## [Recorded data]
○ ○ ○ ○ ○

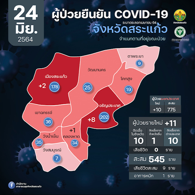 นพ.ประภาส ผูกดวง นายแพทย์สาธารณสุขจังหวัดสระแก้ว เปิดเผยว่า วันนี้พบผู้ป่วยรายใหม่ติดเชื้อ 11 ราย เป็นการติดเชื้อในจังหวัด 11 รายที่อำเภออรัญประเทศ 8 ราย อำเภอเมืองสระแก้ว 2 ราย อำเภอคลองหาด 1 ราย และติดเชื้อจากต่างประเทศ 10 ราย รวมทั้งสิ้น 21 รายสะสม 1,320 ราย แยกเป็นติดเชื้อในจังหวัดและติดเชื้อจากจังหวัดอื่น 545 ราย และติดเชื้อจากต่างประเทศ 775 ราย กำลังรักษาตัว 207 ราย รักษาหายแล้ว 1,104 ราย เสียชีวิตสะสม 9 ราย
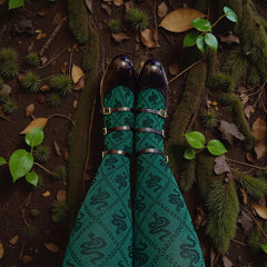 The Corra Snake Tights add instant depth and sophistication to your wardrobe. Play up the historical and natural drama!
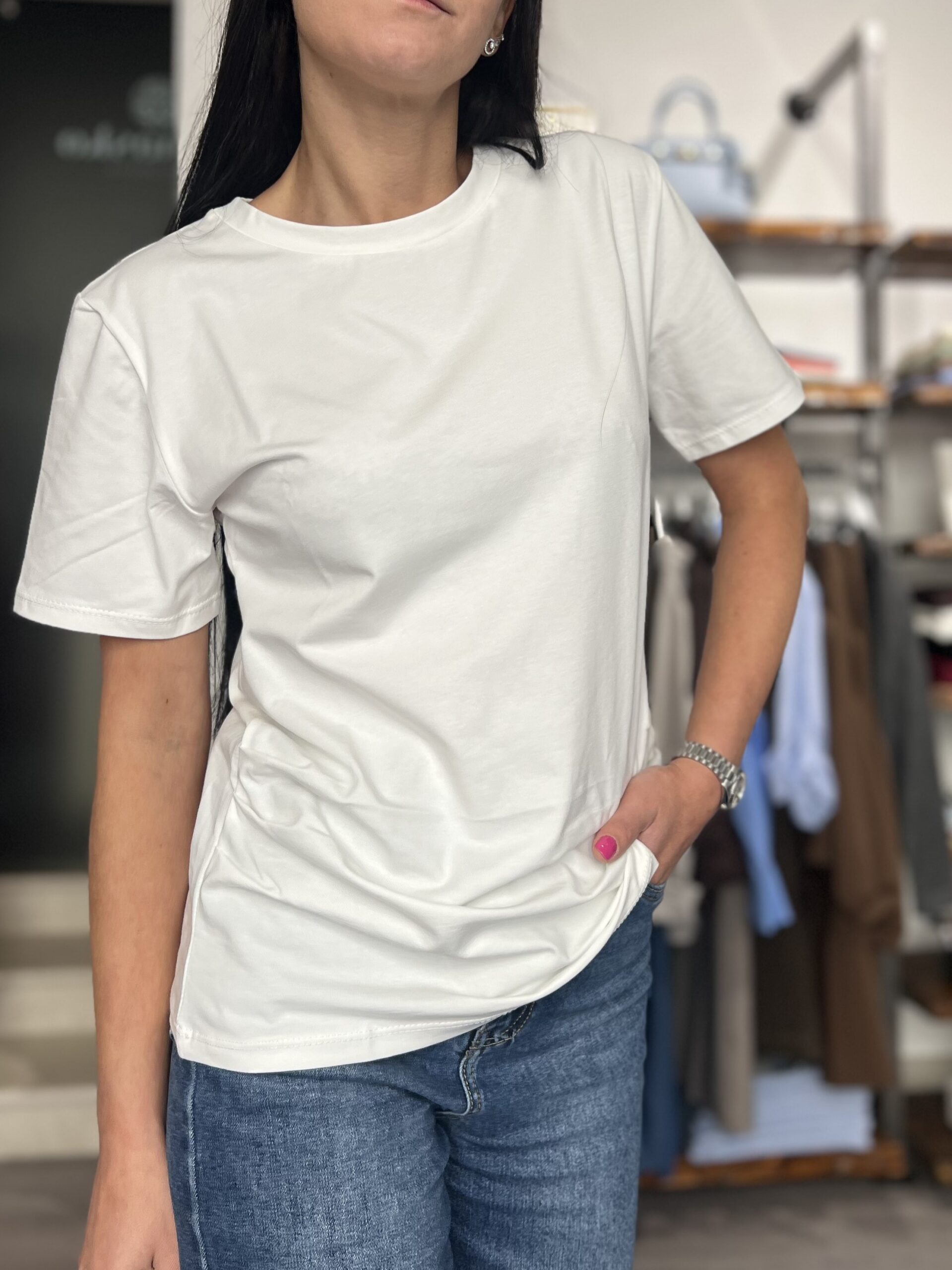 T-shirt in cotone a mezza manica, modello girocollo basico sfiancato con arricciatura laterale, lunga fino al fianco.

○ ○ ○ ○ ○

## [Required action]
No pictures, please. Output the listing above exactly as it stands.

## [Response to the exercise]
 นพ.ประภาส ผูกดวง นายแพทย์สาธารณสุขจังหวัดสระแก้ว เปิดเผยว่า วันนี้พบผู้ป่วยรายใหม่ติดเชื้อ 11 ราย เป็นการติดเชื้อในจังหวัด 11 รายที่อำเภออรัญประเทศ 8 ราย อำเภอเมืองสระแก้ว 2 ราย อำเภอคลองหาด 1 ราย และติดเชื้อจากต่างประเทศ 10 ราย รวมทั้งสิ้น 21 รายสะสม 1,320 ราย แยกเป็นติดเชื้อในจังหวัดและติดเชื้อจากจังหวัดอื่น 545 ราย และติดเชื้อจากต่างประเทศ 775 ราย กำลังรักษาตัว 207 ราย รักษาหายแล้ว 1,104 ราย เสียชีวิตสะสม 9 ราย
 The Corra Snake Tights add instant depth and sophistication to your wardrobe. Play up the historical and natural drama!
 T-shirt in cotone a mezza manica, modello girocollo basico sfiancato con arricciatura laterale, lunga fino al fianco.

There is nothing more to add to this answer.